→ **Task description**
Give back the listing in full and exactly, leaving out the images.

☆ ☆ ☆

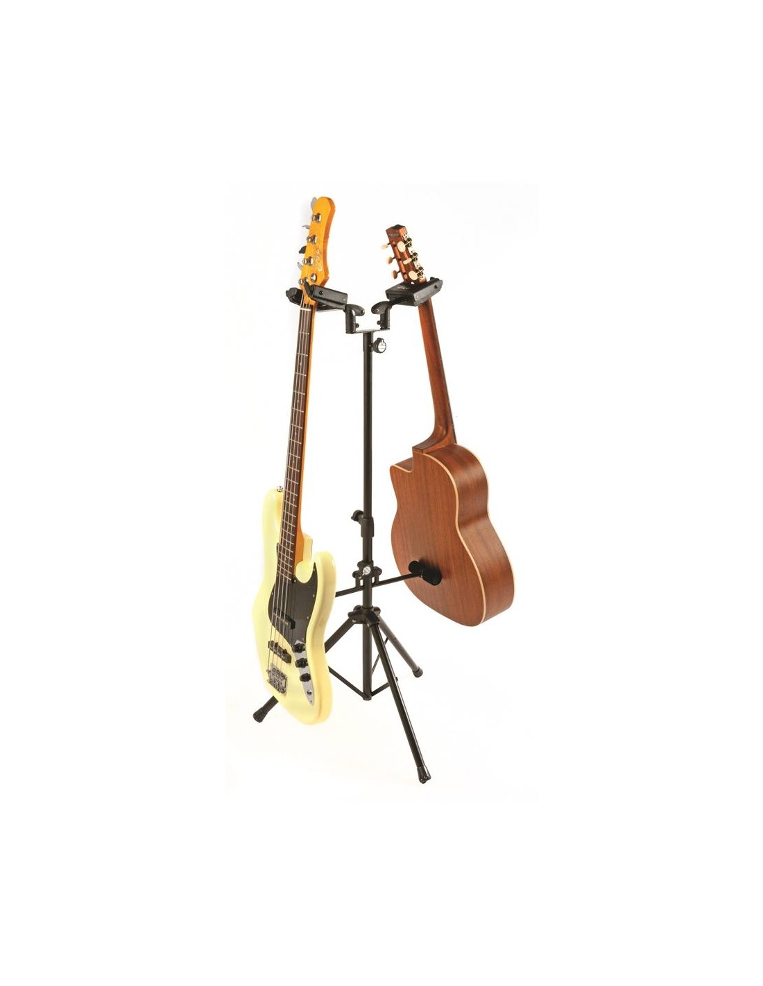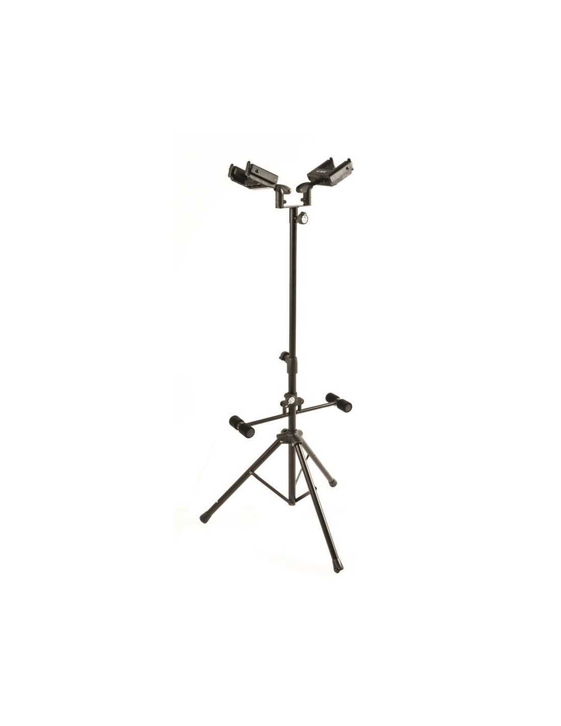 Stand universale per tre chitarre dotato di ruote. Il sostegno è ricoperto con uno strato di morbida gomma per tenere la chitarra bloccata senza il rischio che la verniciatura venga danneggiata.
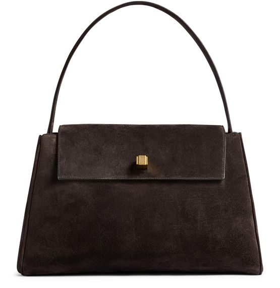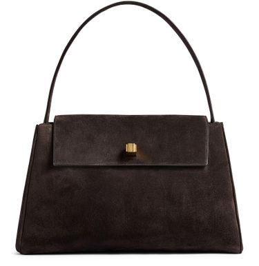 Reveal Khaite's Audrey shoulder bag, crafted from sumptuous suede with a single handle for effortless sophistication. Gold-finish hardware and visible stitching highlight its refined design, while a spacious interior compartment and twist lock closure ensure both style and practicality for modern essentials.
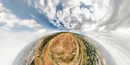 Abstract panoramic aerial view in a forest and field with fantastic beautiful clouds and curvature of space like a small planet
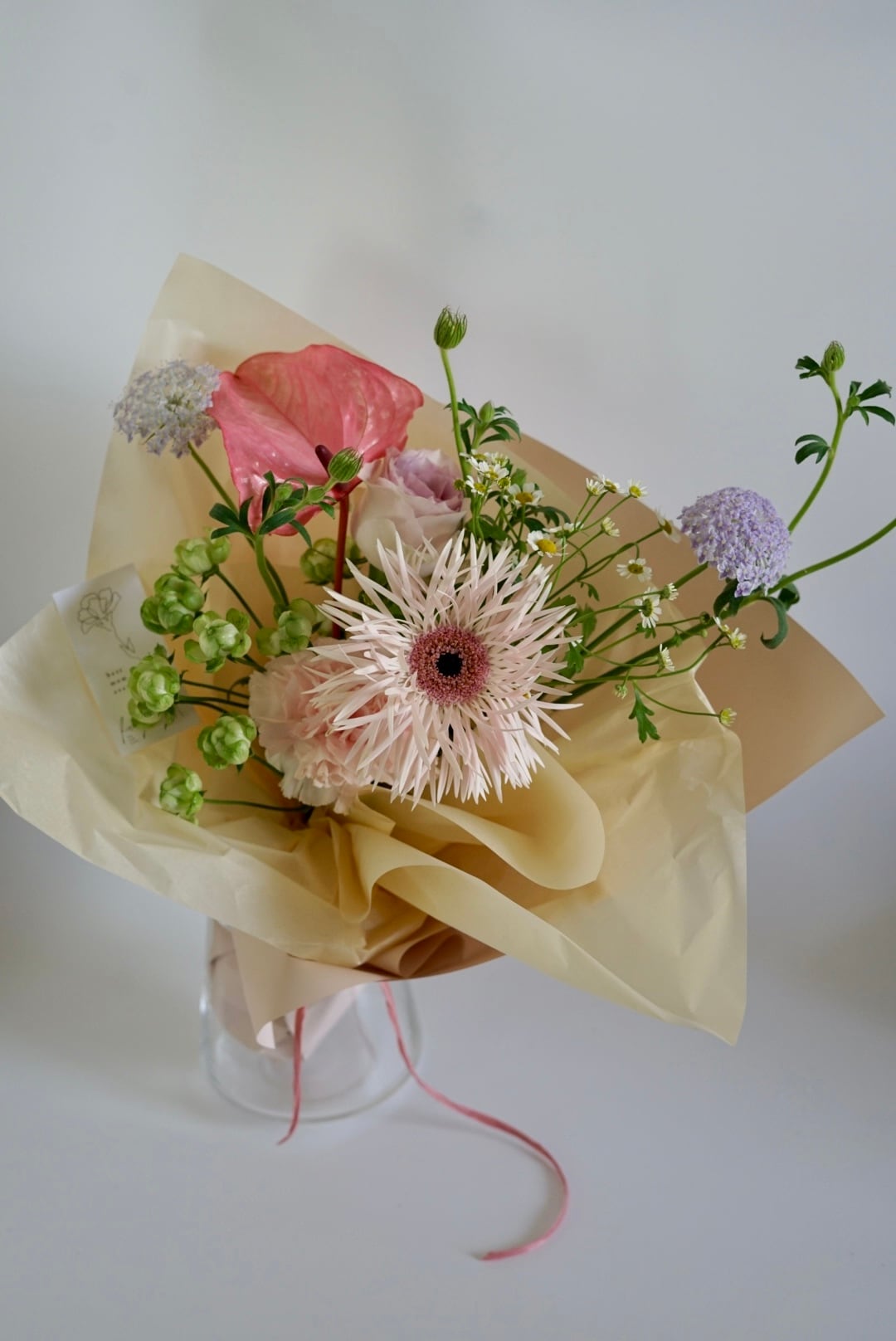この時季ならではの生き生きとしたお花の個性を大切に、ひとつひとつ心を込めてお作りいたします。
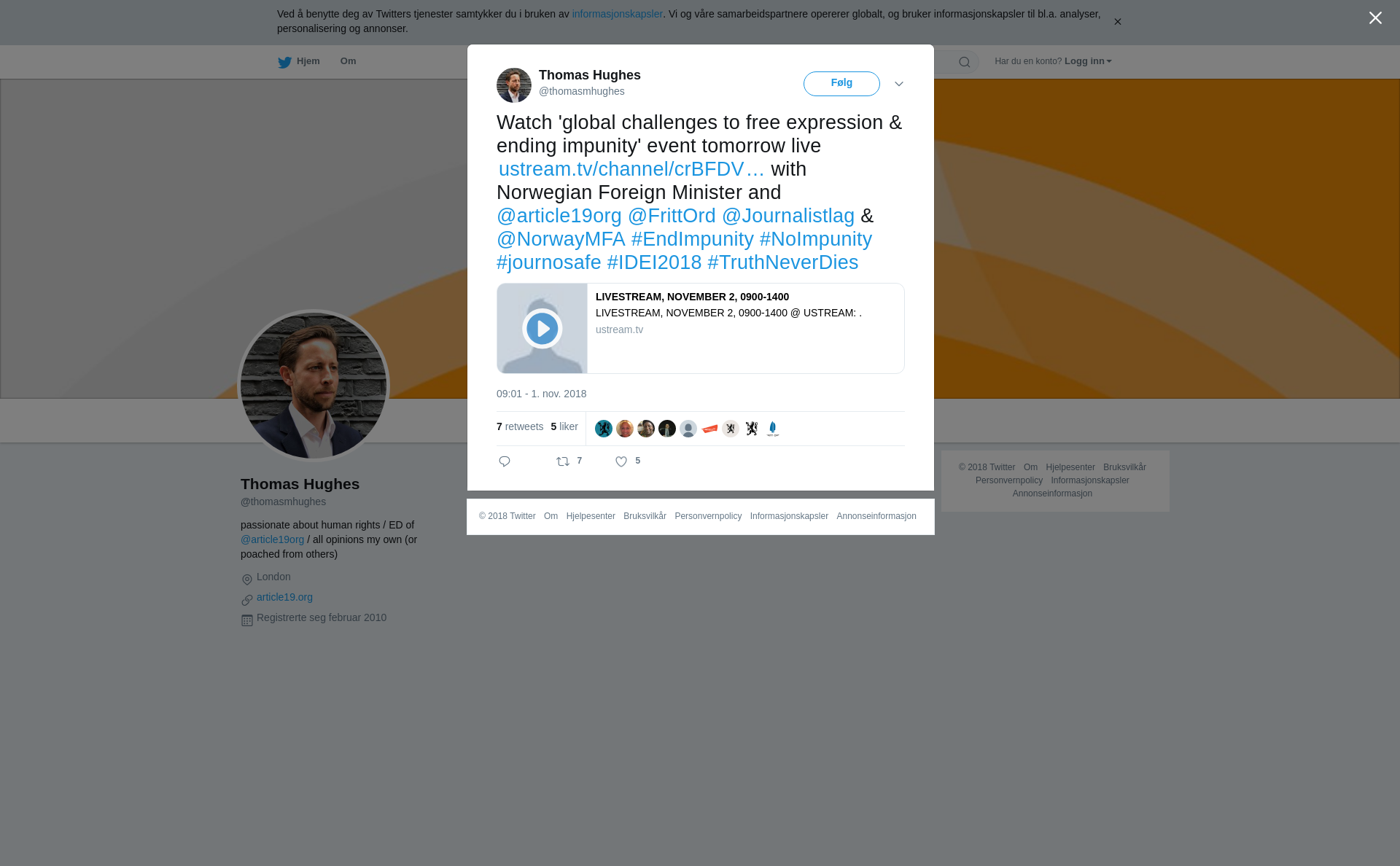 RT @thomasmhughes: Watch 'global challenges to free expression & ending impunity' event tomorrow live https://t.co/S8RpPiptL2 with Norwegian Foreign Minister and @article19org @FrittOrd @Journalistlag & @NorwayMFA #EndImpunity #NoImpunity #journosafe #IDEI2018 #TruthNeverDies
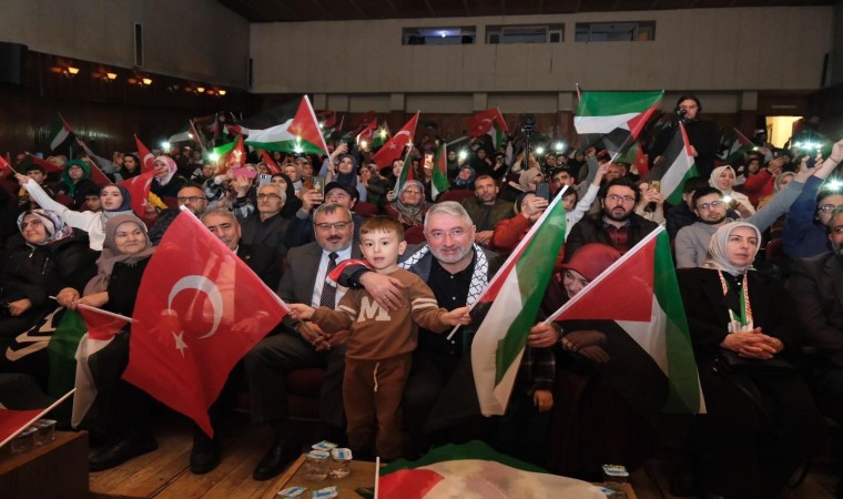 Belediye Başkanı Dr. Halil İbrahim Aşgın program sonrasında geceye katkı veren sanatçı Aykut Kuşkaya ve ekibine çiçek takdim etti. Filistin’de yaşanan zulümlerin Müslümanların zaferiyle son bulacağını söyleyen Başkan Aşgın “Tarih Nemrutları, Ebu Cehilleri, Firavunları değil Hz. Musa’nın, Hz. İbrahim’in, Hz. Muhammed’in zaferini yazmıştır. Şimdi Kudüs’te tarih yeniden yazılıyor. Tarih yine İsrail’in, Siyonistlerin, bebek katillerinin zaferini değil, Müslümanların, mazlumun yanında olanların, inananların zaferini yazacak. Yeter ki biz Firavunların karşısında Musa gibi, Nemrutların karşısında İbrahim gibi duralım. Allah’ın izniyle nasıl ki Kızıldeniz Firavun’a mezar olmuşsa Akdeniz de İsrail’e, Siyonizm’e mezar olacak. Zafer Müslümanların ve inananların olacak” dedi.

☆ ☆ ☆

→ **Answer to the exercise**
 Stand universale per tre chitarre dotato di ruote. Il sostegno è ricoperto con uno strato di morbida gomma per tenere la chitarra bloccata senza il rischio che la verniciatura venga danneggiata.
 Reveal Khaite's Audrey shoulder bag, crafted from sumptuous suede with a single handle for effortless sophistication. Gold-finish hardware and visible stitching highlight its refined design, while a spacious interior compartment and twist lock closure ensure both style and practicality for modern essentials.
 Abstract panoramic aerial view in a forest and field with fantastic beautiful clouds and curvature of space like a small planet
この時季ならではの生き生きとしたお花の個性を大切に、ひとつひとつ心を込めてお作りいたします。
 RT @thomasmhughes: Watch 'global challenges to free expression & ending impunity' event tomorrow live https://t.co/S8RpPiptL2 with Norwegian Foreign Minister and @article19org @FrittOrd @Journalistlag & @NorwayMFA #EndImpunity #NoImpunity #journosafe #IDEI2018 #TruthNeverDies
 Belediye Başkanı Dr. Halil İbrahim Aşgın program sonrasında geceye katkı veren sanatçı Aykut Kuşkaya ve ekibine çiçek takdim etti. Filistin’de yaşanan zulümlerin Müslümanların zaferiyle son bulacağını söyleyen Başkan Aşgın “Tarih Nemrutları, Ebu Cehilleri, Firavunları değil Hz. Musa’nın, Hz. İbrahim’in, Hz. Muhammed’in zaferini yazmıştır. Şimdi Kudüs’te tarih yeniden yazılıyor. Tarih yine İsrail’in, Siyonistlerin, bebek katillerinin zaferini değil, Müslümanların, mazlumun yanında olanların, inananların zaferini yazacak. Yeter ki biz Firavunların karşısında Musa gibi, Nemrutların karşısında İbrahim gibi duralım. Allah’ın izniyle nasıl ki Kızıldeniz Firavun’a mezar olmuşsa Akdeniz de İsrail’e, Siyonizm’e mezar olacak. Zafer Müslümanların ve inananların olacak” dedi.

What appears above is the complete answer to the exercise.